### Data to process:
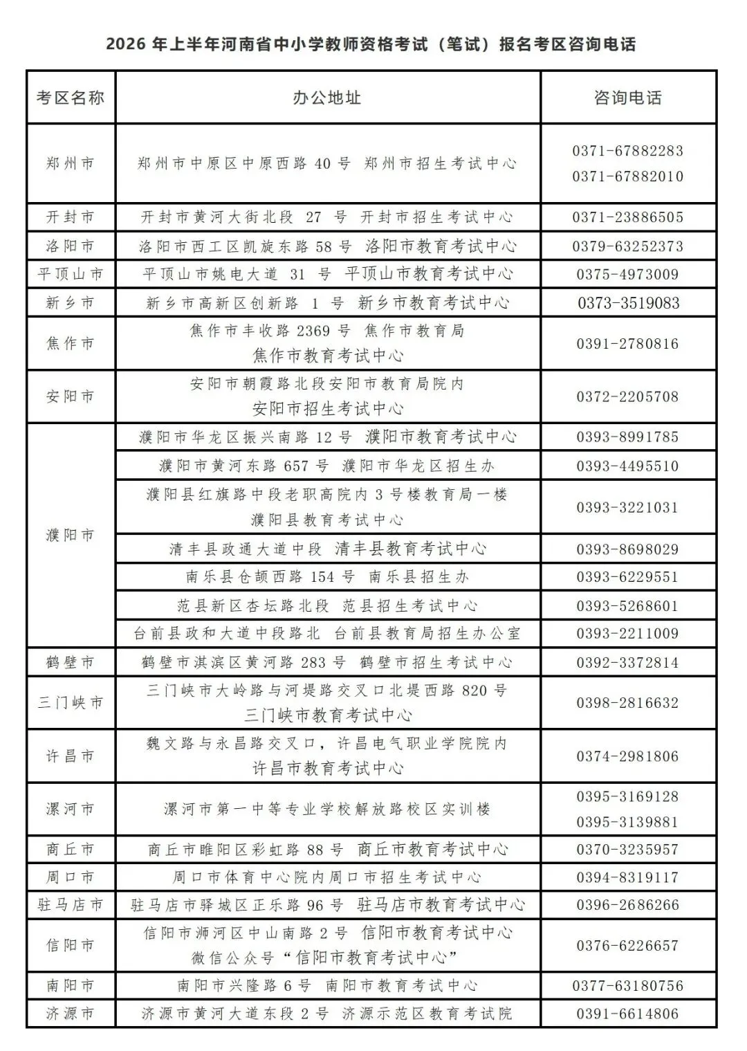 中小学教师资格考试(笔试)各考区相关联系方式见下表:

--

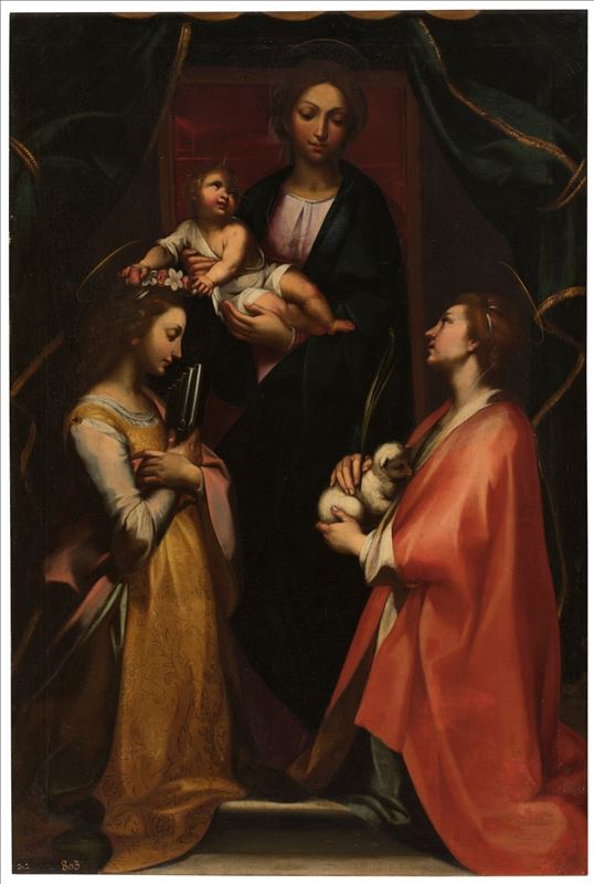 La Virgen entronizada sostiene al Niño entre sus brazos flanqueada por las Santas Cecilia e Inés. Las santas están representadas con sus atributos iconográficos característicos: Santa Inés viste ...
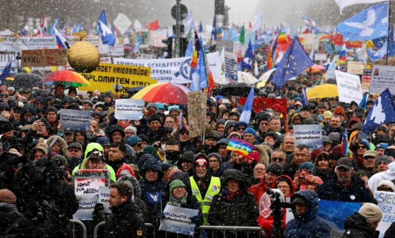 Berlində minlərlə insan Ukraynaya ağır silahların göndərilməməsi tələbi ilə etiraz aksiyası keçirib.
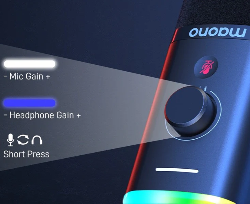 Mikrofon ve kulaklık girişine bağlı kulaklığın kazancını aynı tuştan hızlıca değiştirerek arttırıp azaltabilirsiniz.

### Aim of the exercise:
With the pictures removed from your copy, retype the lines above from the one that contains "La Virgen entronizada" through the one that contains "Mikrofon ve kulaklık", exactly.

### Answer space:
 La Virgen entronizada sostiene al Niño entre sus brazos flanqueada por las Santas Cecilia e Inés. Las santas están representadas con sus atributos iconográficos característicos: Santa Inés viste ...
 Berlində minlərlə insan Ukraynaya ağır silahların göndərilməməsi tələbi ilə etiraz aksiyası keçirib.
 Mikrofon ve kulaklık girişine bağlı kulaklığın kazancını aynı tuştan hızlıca değiştirerek arttırıp azaltabilirsiniz.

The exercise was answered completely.